┌────────
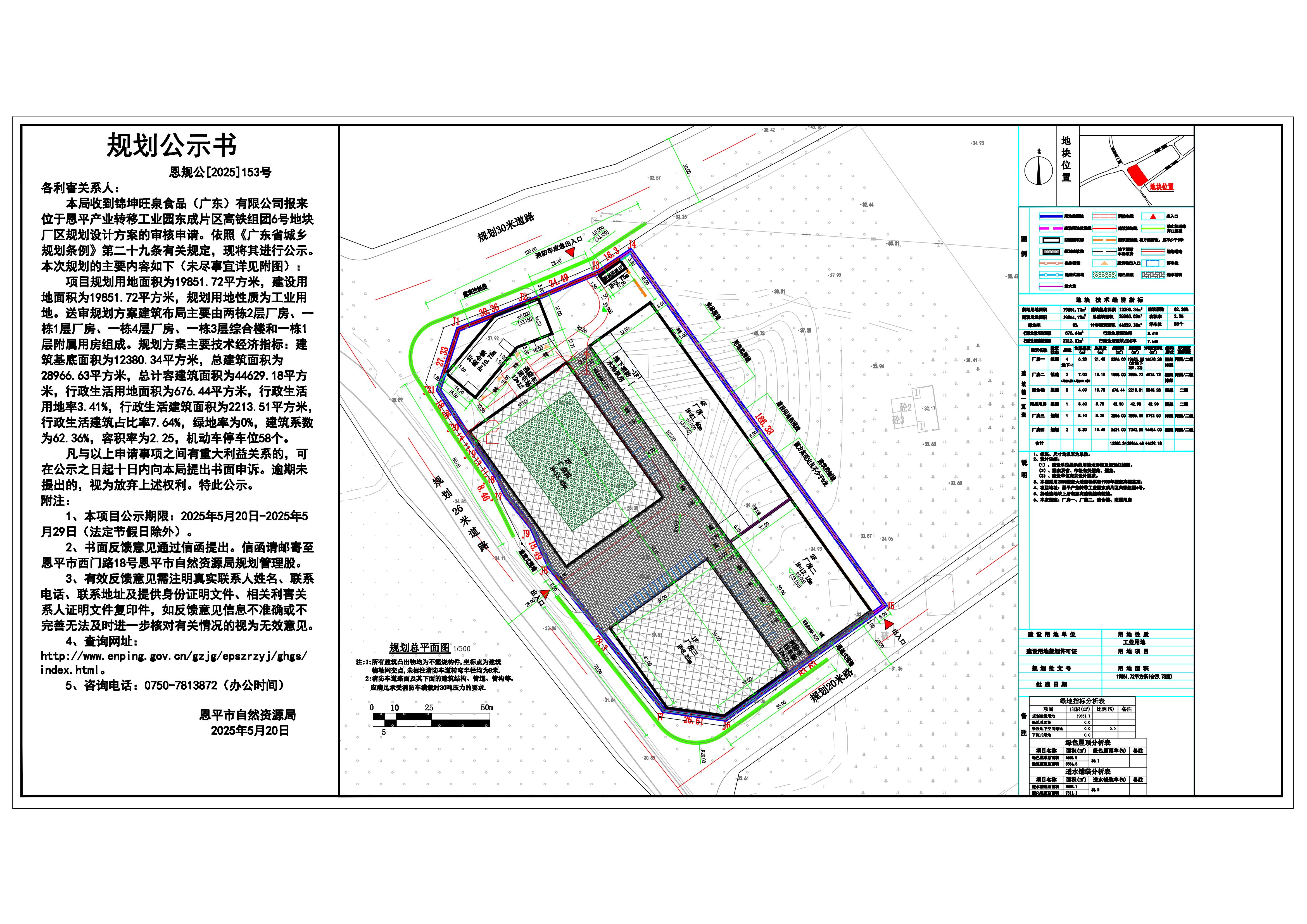 恩規(guī)公[2025]153號 關(guān)于恩平產(chǎn)業(yè)轉(zhuǎn)移工業(yè)園東成片區(qū)高鐵組團6號(錦坤旺泉食品(廣東)有限公司)的規(guī)劃公示書
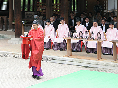 鹽土老翁神が人々に塩作りを教えたことにちなみ、古式の製塩法によって塩を作る神事。でき上がった塩は神前にお供えされるほか、当日の参拝者に配られる。 画像提供:鹽竈神社
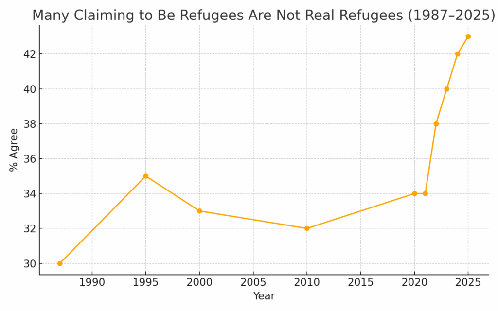 Not entirely. While more people now question the legitimacy of some refugee claims, overall support for humanitarian immigration remains steady. Concerns focus on process, not principle.
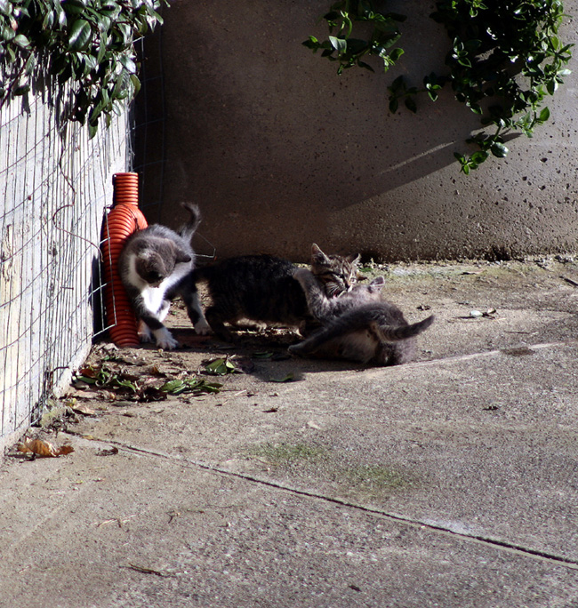 L'iperattività di questi cuccioli di felini è ben reso nel fotogramma. Mi ha fatto ricordare ceh anch'io ho degli scatti simili e dopo averli ritrovati li posterò.
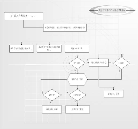 IVR系統(tǒng)是呼叫中心系統(tǒng)中極為重要的一環(huán)。作為面向用戶的窗口,IVR的語音交互方式引導(dǎo)用戶進(jìn)入不同的業(yè)務(wù)流程,聽取相關(guān)信息。清晰,流暢,禮貌而又有層次的IVR語音會(huì)給用戶留下深刻的印象。美承的IVR系統(tǒng)在設(shè)計(jì)上參照了其他成功的客服中心的經(jīng)驗(yàn),充分考慮了用戶的習(xí)慣,在流程上具有鮮明的特點(diǎn),以下以產(chǎn)品服務(wù)為例:
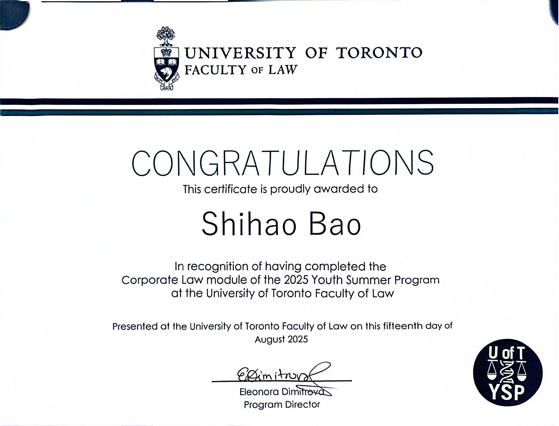 2025 University of Toronto Corperate Law program
└────────
WHAT IS BEING ASKED: Leaving the pictures aside, write out only the lines from the one containing "L'iperattività di questi" through the end of the material, exactly as they stand.

EXERCISE ANSWER:
 L'iperattività di questi cuccioli di felini è ben reso nel fotogramma. Mi ha fatto ricordare ceh anch'io ho degli scatti simili e dopo averli ritrovati li posterò.
 IVR系統(tǒng)是呼叫中心系統(tǒng)中極為重要的一環(huán)。作為面向用戶的窗口,IVR的語音交互方式引導(dǎo)用戶進(jìn)入不同的業(yè)務(wù)流程,聽取相關(guān)信息。清晰,流暢,禮貌而又有層次的IVR語音會(huì)給用戶留下深刻的印象。美承的IVR系統(tǒng)在設(shè)計(jì)上參照了其他成功的客服中心的經(jīng)驗(yàn),充分考慮了用戶的習(xí)慣,在流程上具有鮮明的特點(diǎn),以下以產(chǎn)品服務(wù)為例:
 2025 University of Toronto Corperate Law program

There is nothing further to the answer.